Updated

A judge has thrown out the 14-year sentence imposed on former Symbionese Liberation Army (search) member Sara Jane Olson (search), who spent 25 years as a fugitive, saying a new hearing is needed to decide how much prison time she should serve.

Olson — who had changed her name from Kathleen Soliah, married and was raising a family in St. Paul, Minn. — pleaded guilty in 2001 to taking part in two attempts to bomb Los Angeles Police Department cars in 1975.

She will have a new sentencing hearing within 60 days, Superior Court Judge Thomas M. Cecil said.

The bombs were planted under two police cars in 1975, but failed to explode. Los Angeles prosecutors said Olson was attempting to retaliate for the deaths of six members of the radical SLA who had been killed in a fire and shootout with police in 1974. That was the same year that other SLA members kidnapped newspaper heiress Patricia Hearst.

She was initially sentenced to five years and four months. The state Board of Prison Terms scrapped that sentence in October 2002 in exchange for a 14-year sentence, saying Olson's crimes had the potential for great violence and targeted multiple victims. The three-member board also cited Olson's flight and years as a fugitive.
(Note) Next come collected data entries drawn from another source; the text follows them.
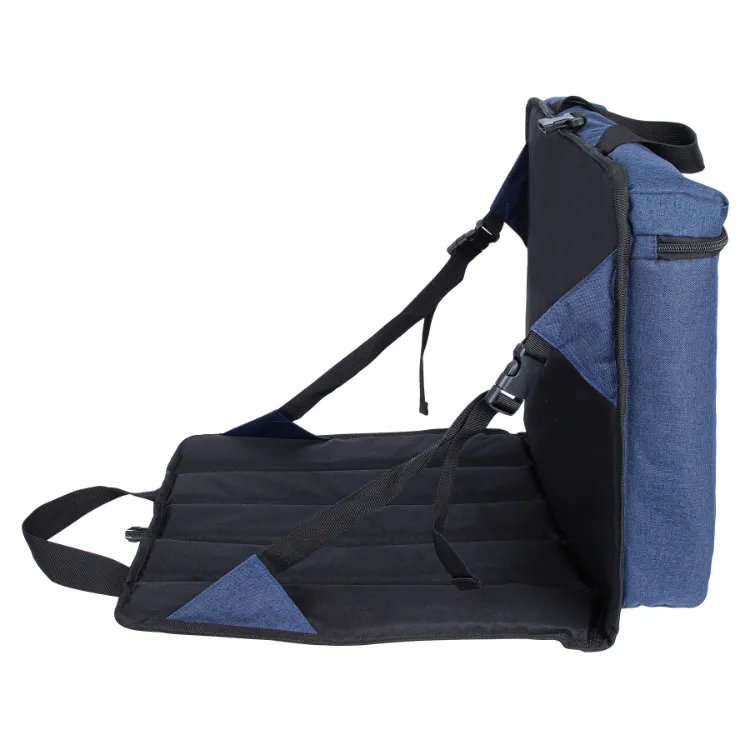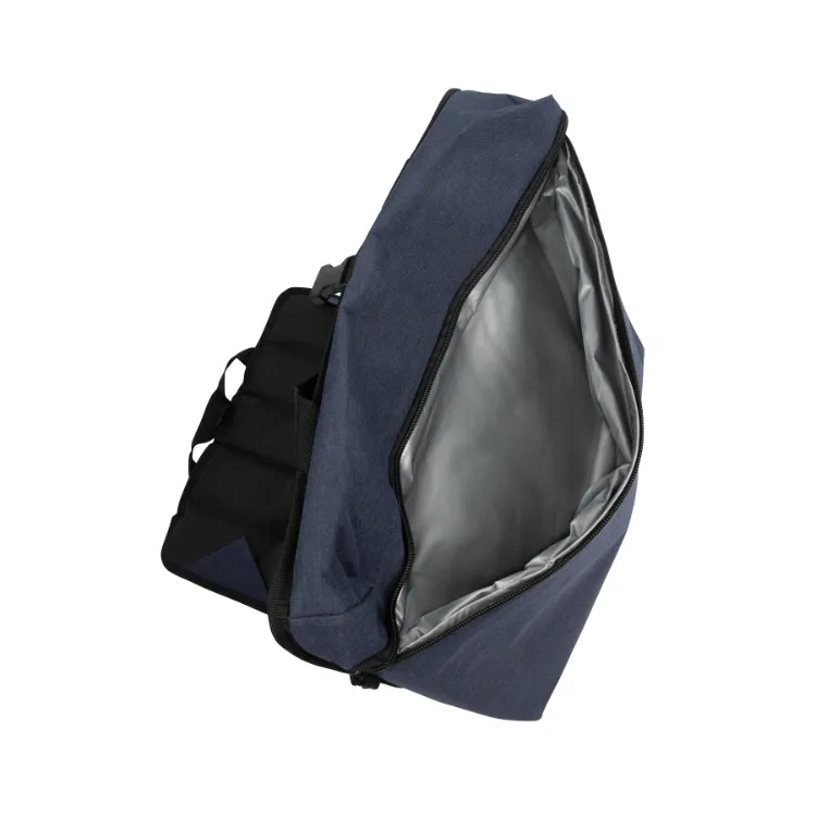 The Montgomery Stadium Cooler Seat Backpack - 18 Can combines convenience and comfort with its 18-can capacity and durable 300D polyester construction. Featuring a food-grade PEVA heat-sealed lining, it keeps drinks cold for up to 8 hours. The cooler compartment measures 15.5" x 13.75" x 2.75" and doubles as a padded seat with adjustable back support. With top carry handles and adjustable backpack shoulder straps, this versatile cooler is ideal for carrying food and drinks for lunch at work, picnics at the park, or stadium events.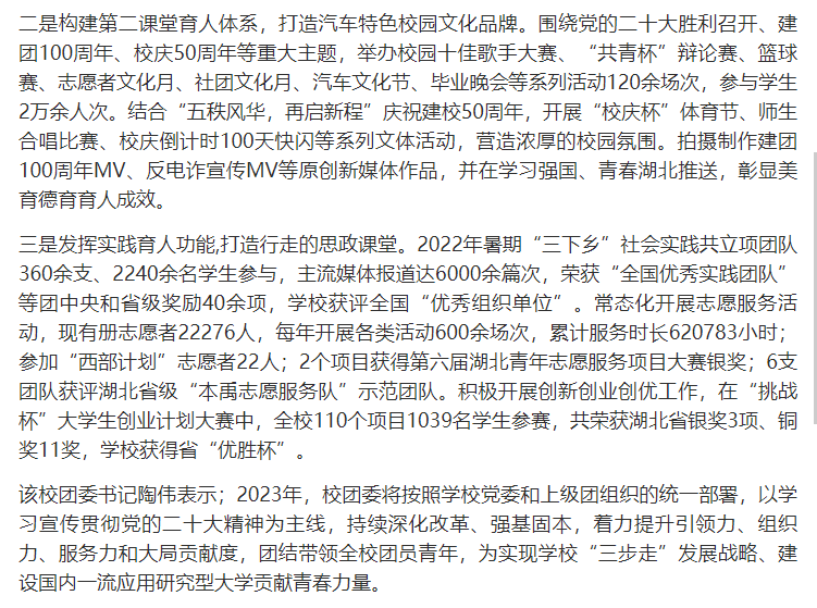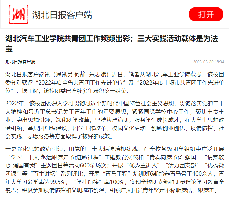 【湖北日报】湖北汽车工业学院共青团工作频频出彩,三大实践活动载体是为法宝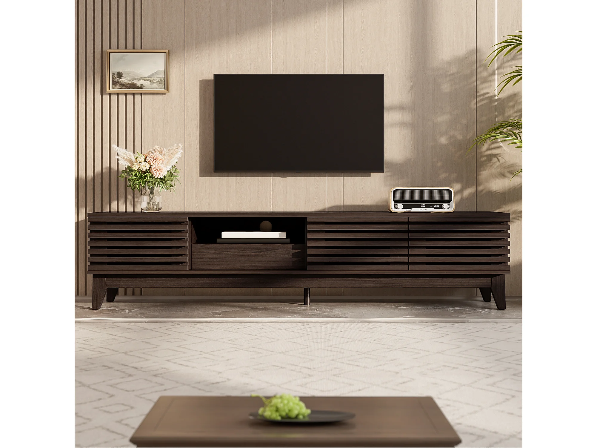 Meuble TV avec 1 tiroir et 3 portes 170 x 35 x 40 cm - Couleur bois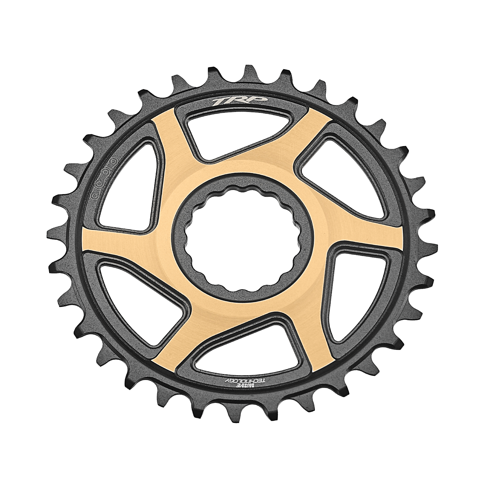 TRP Chainring CR-M9050, 12 speed 32T Boost 3mm offset Chainring Cinch Interface, Duotone (Sandblasted Black / Gold)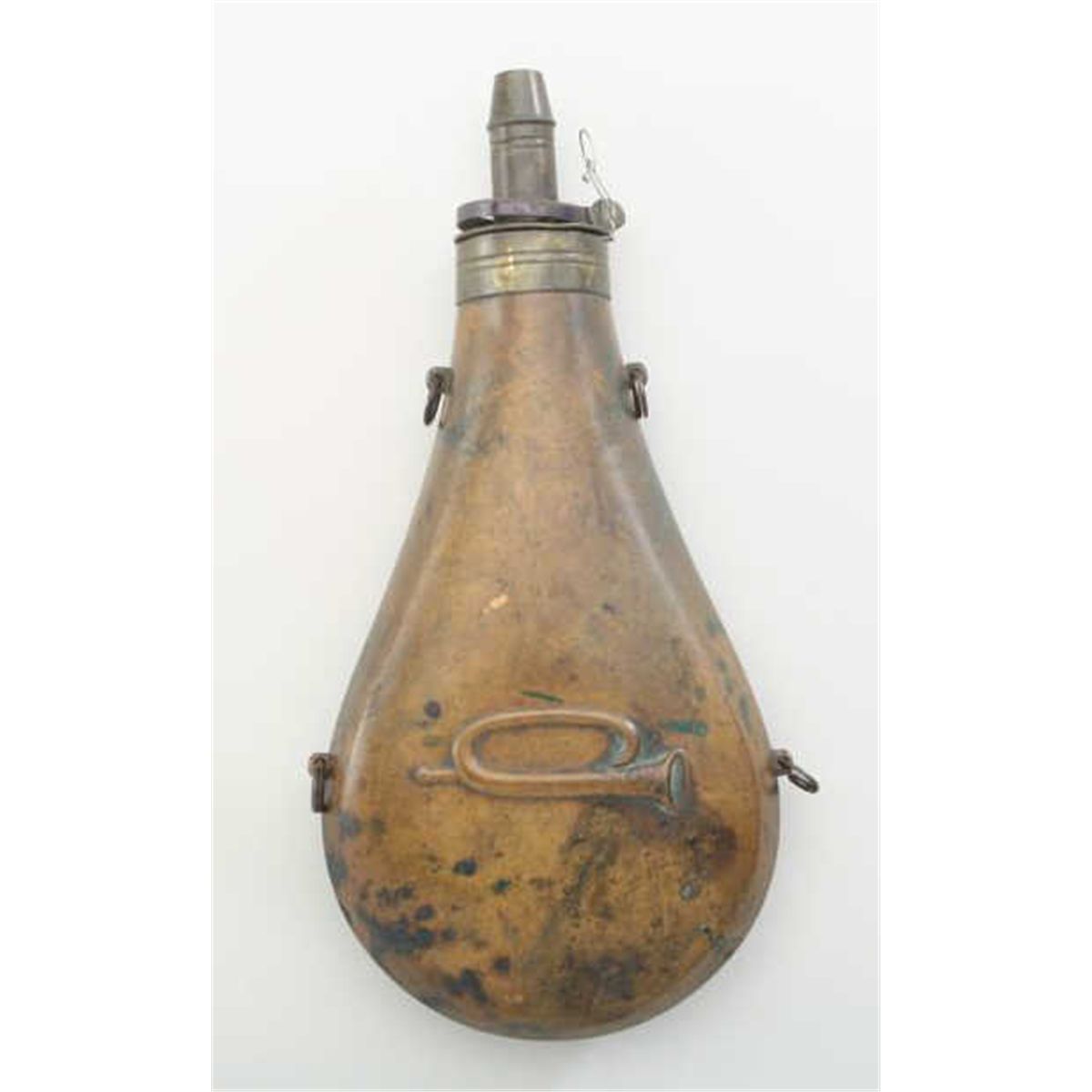 Scarce US “Public Property” marked powder flask in good condition showing tight seams, four original hanging rings, traces of lacquer, good patina, some minor dents and aging. Spring shows original blue, and isretained but coming loose. From the Keith Coulter collection. Est: $400 - $800

Cecil, in a ruling released Monday, said there was "no analysis" of how the state Board of Prison Terms decided 14 years was an appropriate sentence.

Olson had married a doctor in St. Paul and lived quietly until 1999, when the television show "America's Most Wanted" (search) featured the case.

In January 2003, Olson also was also sentenced to six years for her role in a botched bank robbery that killed a Sacramento woman. She was one of five SLA members sentenced for that robbery.

Former SLA leader Bill Harris was sentenced to seven years, Michael Bortin to six years and Harris' ex-wife, Emily Montague, to eight years because she was holding the gun that killed the woman in the bank.

The fifth member of the group, James Kilgore, was sentenced in May to six years after being arrested in South Africa.